While it sounds straightforward, there are a few issues when a computer tries to do the same thing. Homophones, words that sound identical but mean different things, can confuse a voice recogniser unless the words are analysed in context (which we will get to later).
Some people also speak very quickly, melding an entire sentence into a single unbroken sound that – for a computer – can be hard to separate into words.
In loud environments, it can also be hard to separate the sound of a voice from background noise, particularly if the ambient noise comes from people talking.
On top of all of this are dialect variations that change how the same word is said between different populations.
Taking this all into account, let’s now look at how voice recognition overcomes these issues.
Simple pattern matching
As far as voice recognition goes, this is as simple as it gets – it relies on a computer listening to a word and matching its audio pattern to a preloaded phrase.
It’s the type of recognition used by automated call centres where simple ‘yes’ and ‘no’ or ‘one’, ‘two, ‘three’ responses are enough to direct the caller. This small (around 10) group of words, known as a ‘domain’, allows the software to recognise a broad range of dialects.
The system only works for words that sound completely different. Even then, it may have trouble, forcing the call to be directed to a human operator.
Pattern and feature analysis
This type of recognition is far more complex, looking at the individual components of each word such as the number of vowels.
It relies on a system being able to identify a word from its audio footprint, a set of sounds called an utterance.
Sound waves are converted into a spectrogram, a graph that shows how the sound changes over time. Each of the approximately 46 phonemes in the English language has a signature, which, when put together in various orders, form (in theory) a word. This is known as the beads-on-a-string model.
For homophones, though, the system falls apart. Saying “read” (as in “I read a book”) and “red” will give the same result. In order to overcome this, we need context.
Language modelling and statistical analysis
This type of voice recognition is found in mobile devices and speech recognition software.
In English, adjectives generally come before a noun rather than the other way round (big truck versus truck big). Some words also generally precede others such as “for”, “good”, “an” in front of “example”, and nouns are not repeated.
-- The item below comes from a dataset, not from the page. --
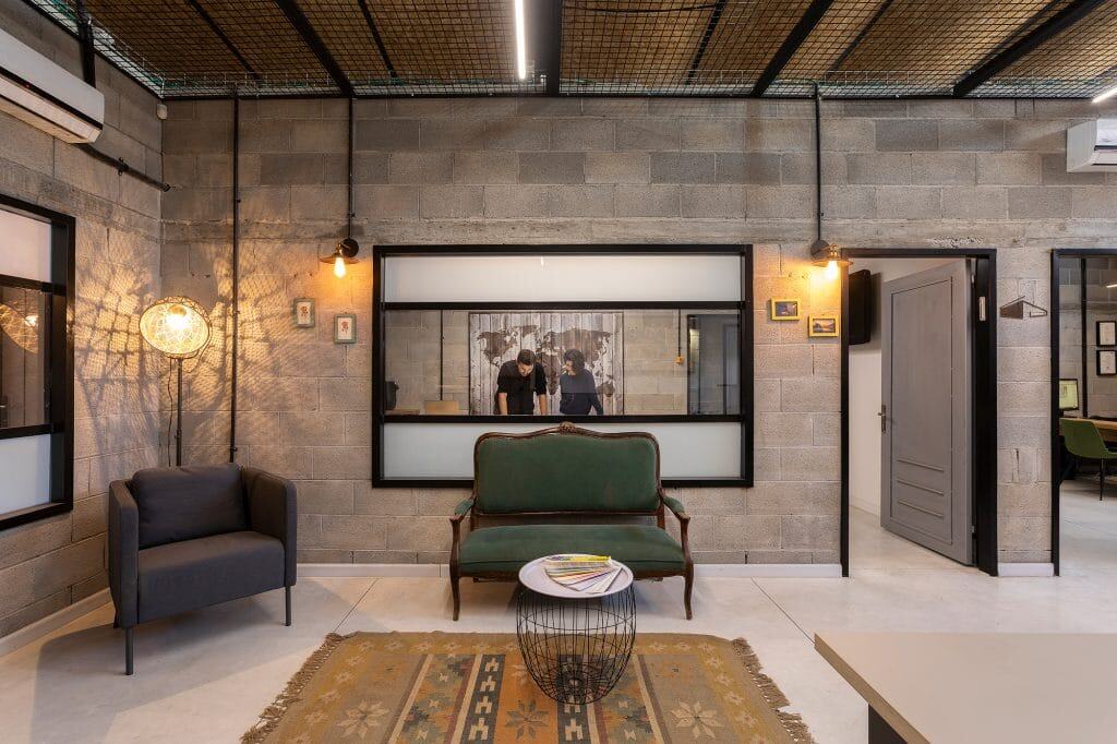 מתחם משרדי אדריכלים בלב אזור תעשייה פעיל ורועש . עיצוב המשרד מנציח את סביבת התעשייה הקרובה בכל תחום המשרדים : קירות בלוק חשוף , תקרות רשת גלויות , כבלי חשמל ותאורה חשופים, מפסקים ושקעים גלויים.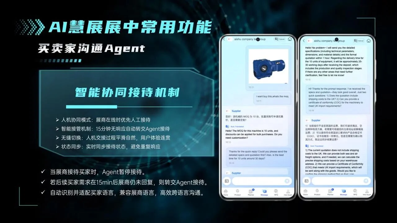 在本届印尼联展现场,随处可见展位上放置的展会现场AI Agent立牌,这是米奥兰特AI慧展的一大核心服务,为展商配备了一个“永不疲倦的智能接待官”,助力展商高效对接印尼买家。AI Agent自动生成各渠道跟进内容,定制化营销需求,一键满足,闭展即下班。买卖家沟通Agent支持自动建群,买家在米奥兰特预展平台浏览展品时,可直接通过产品页的“Contact”入口发起咨询,消息将实时、多语言、多格式直达展商;若展商未能及时回复,集成企业定制知识库的AI Agent将7×24小时自动接待,精准应答,确保每一条商机都不被遗漏。

This is known as the language model.
If a computer isn’t sure of one of the words, it employs mathematical models and probability – looking at the words before and after it, for instance – to make an educated guess.
The future of voice recognition
At the moment, speech-to-text or speech-to-command is all voice recognition can do – and then, only some of the time.
One possible idea for improving this is to build artificial neural networks, computers that use millions of electronic nodes to function much like a brain by activating different pathways.